[Opening DATA EXCERPT section]
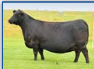
ERICA OF ELLSTON T220
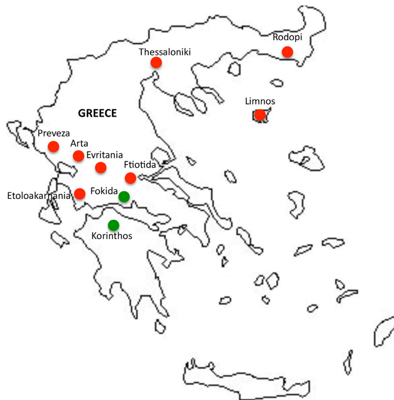
Fig. 1. Tick sampling. Map of Greece showing counties where ticks were collected from sheep and goats. The sites where CCHFV-positive ticks were collected are shown in green.

For proteomics analysis, internal tissues were dissected from the another half of CCHV-infected ( n = 2 ) and uninfected ( n = 4 ) ticks, lysed with phosphate buffered saline (PBS) supplemented with 1% Triton X-100 and complete protease inhibitor cocktail (Roche, Basel, Switzerland), and homogenized by passing through a needle (27G). Samples were sonicated for 1 min in an ultrasonic cooled bath, followed by vortexing for 10 sec. After three cycles of sonication-vortex, tick lysates were centrifuged at 200 \times g for 5 min to remove cell debris. The supernatants were collected and protein concentration was determined using the BCA Protein Assay (Life Technologies, Carlsbad, CA) with BSA as standard. Protein extracts (10 \mu g) from each CCHV-infected and uninfected ticks were on-gel concentrated by SDS-PAGE and trypsin digested as described previously (Villar et al., 2015). The desalted protein digest was resuspended in 0.1% formic acid and analyzed by RP-LC-MS/MS using an Easy-nLC II system coupled to an ion trap LTQ mass spectrometer (Thermo Scientific, Waltham, MA, USA). The peptides were concentrated (on-line) by reverse phase chromatography using a 0.1 \times 20 mm C18 RP precolumn (Thermo Scientific), and then separated using a 0.075 \times 100 mm C18 RP column (Thermo Scientific) operating at 0.3 ml/min. Peptides were eluted using a 60-min gradient from 5 to 40% solvent B (solvent A: 0.1%
[Closing DATA EXCERPT section]
WORK REQUIRED
From the line containing "Fig. 1. Tick" to the final line above, output everything. Change nothing and add nothing.

TASK ANSWER
Fig. 1. Tick sampling. Map of Greece showing counties where ticks were collected from sheep and goats. The sites where CCHFV-positive ticks were collected are shown in green.

For proteomics analysis, internal tissues were dissected from the another half of CCHV-infected ( n = 2 ) and uninfected ( n = 4 ) ticks, lysed with phosphate buffered saline (PBS) supplemented with 1% Triton X-100 and complete protease inhibitor cocktail (Roche, Basel, Switzerland), and homogenized by passing through a needle (27G). Samples were sonicated for 1 min in an ultrasonic cooled bath, followed by vortexing for 10 sec. After three cycles of sonication-vortex, tick lysates were centrifuged at 200 \times g for 5 min to remove cell debris. The supernatants were collected and protein concentration was determined using the BCA Protein Assay (Life Technologies, Carlsbad, CA) with BSA as standard. Protein extracts (10 \mu g) from each CCHV-infected and uninfected ticks were on-gel concentrated by SDS-PAGE and trypsin digested as described previously (Villar et al., 2015). The desalted protein digest was resuspended in 0.1% formic acid and analyzed by RP-LC-MS/MS using an Easy-nLC II system coupled to an ion trap LTQ mass spectrometer (Thermo Scientific, Waltham, MA, USA). The peptides were concentrated (on-line) by reverse phase chromatography using a 0.1 \times 20 mm C18 RP precolumn (Thermo Scientific), and then separated using a 0.075 \times 100 mm C18 RP column (Thermo Scientific) operating at 0.3 ml/min. Peptides were eluted using a 60-min gradient from 5 to 40% solvent B (solvent A: 0.1%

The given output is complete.